Mr. R. C. Mitchell:
asked the Secretary of State for Employment if he will make a statement on the quota scheme for the employment of disabled people, arising from the consultative document published by his Department.
My hon. Friend the Under-Secretary of State for Employment made a statement about the consultative document on the quota scheme in answer to a Question on 22nd May.—[Vol. 857, c. 39–40.] This explained the purpose of the document and made clear that I shall not make up my mind about the future of the quota scheme until I have had the opportunity to consider the views of my National Advisory Council on the Employment of the Disabled and the many other organisations and individuals concerned. I hope that the Government will be in a position to take a decision on this—within the wider context of my Department's review of all its policies and services for disabled people—in the course of 1974.
Is the Secretary of State aware that the consultative document contains some very controversial matter, particularly the implied suggestion that the quota scheme might be abolished?
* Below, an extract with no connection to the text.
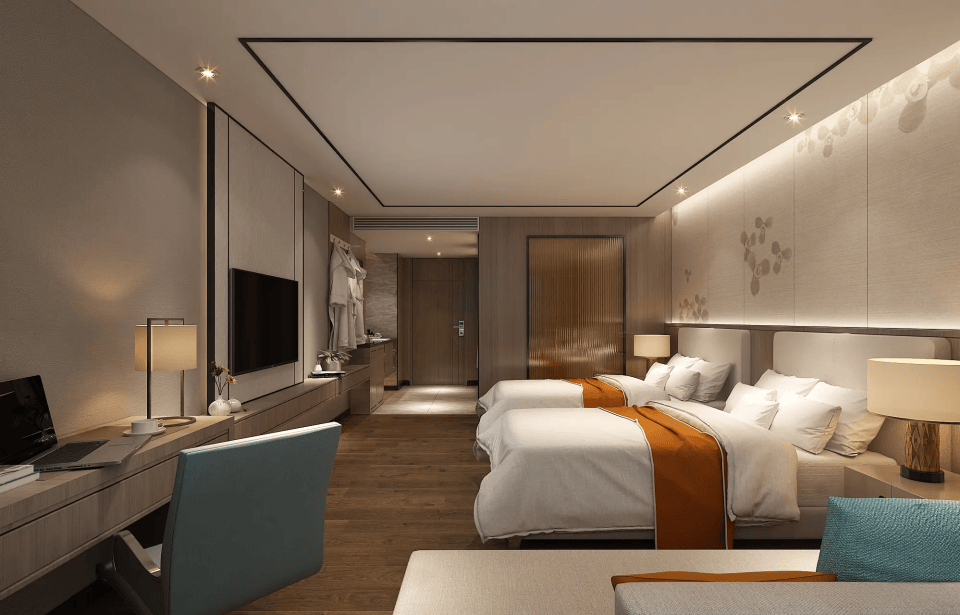 - 客房入口处设置玄关柜(放置行李、拖鞋),避免开门直对床体,提升隐私性。
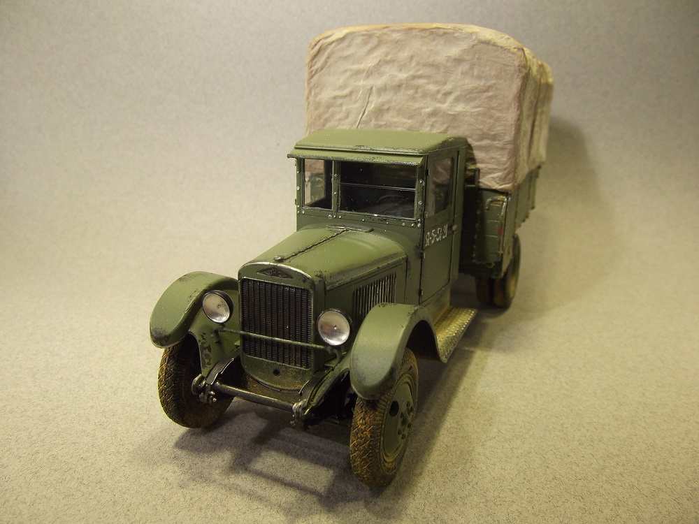 Модель сама по себе хороша!Тент сам делал из бумаги,и тоже столкнулся с проблемой не прокраса бумаги ! Я исправил это несколькими слоями краски и он стал нужного цвета! А вот с крыльями беда, сидят не на своем месте из за такого положения автомобили спереди смотреться буд-то вздернутым вверх.Ничего ! Более тонкая подгонка дала бы свой результат! Успехов в творчестве!

While he is making up his mind what action to take, will he take steps to ensure that the present law is enforced and that employers take their quotas under the existing scheme?
I am well aware that the proposals in the consultative document are controversial, and the document makes it plain that there are disadvantages in all the proposals put forward. This indeed is why we are having this degree of consultation on it, including consultation with the National Advisory Council on the Employment of the Disabled. As to what can be done meanwhile, there are some firms which could well be in breach of the law since they have not received permits to engage people other than disabled and are presumably engaging them.
The difficulty is twofold. First, there are not enough disabled people to go around, in the sense that if all firms were to take their theoretical quota they would be employing more disabled people than there are. Second, there is a considerable number of disabled people in employment who are not registered. I should not like to take action which would lead firms which are employing disabled people to press those people to register when they do not wish to.
Does not the best form of help for disabled people lie in retraining? Is my right hon. Friend satisfied that the Government are doing enough in retraining the disabled and others as well?
My hon. Friend will know that we are producing a further paper, first of all on sheltered employment and second on industrial rehabilitation and vocational training, which we hope to put to the National Advisory Council early in 1974.
The Government have been persistent in their demand that people in industry must obey the law. The right hon. Gentleman has been told today that there are 9,000 firms in breach of the law since, without permission from his Department, they are not operating the quota scheme. Will he now give us a straight answer as to what he and his Department will do about these 9,000 law-breakers?
The hon. Member says that they are law-breakers, but that is a presumption and not a fact. There are 9,000 firms that do not have permits from my Department to employ people other than those who are registered——
Not necessarily; they may not have taken on people.
This Government, in common with their predecessors, have taken and continue to take the view that the right way to try to help the disabled is by a range of policies to encourage their training and employment. It is not always possible to ensure that disabled people can get the employment they need, because it is not available in the areas in which they live.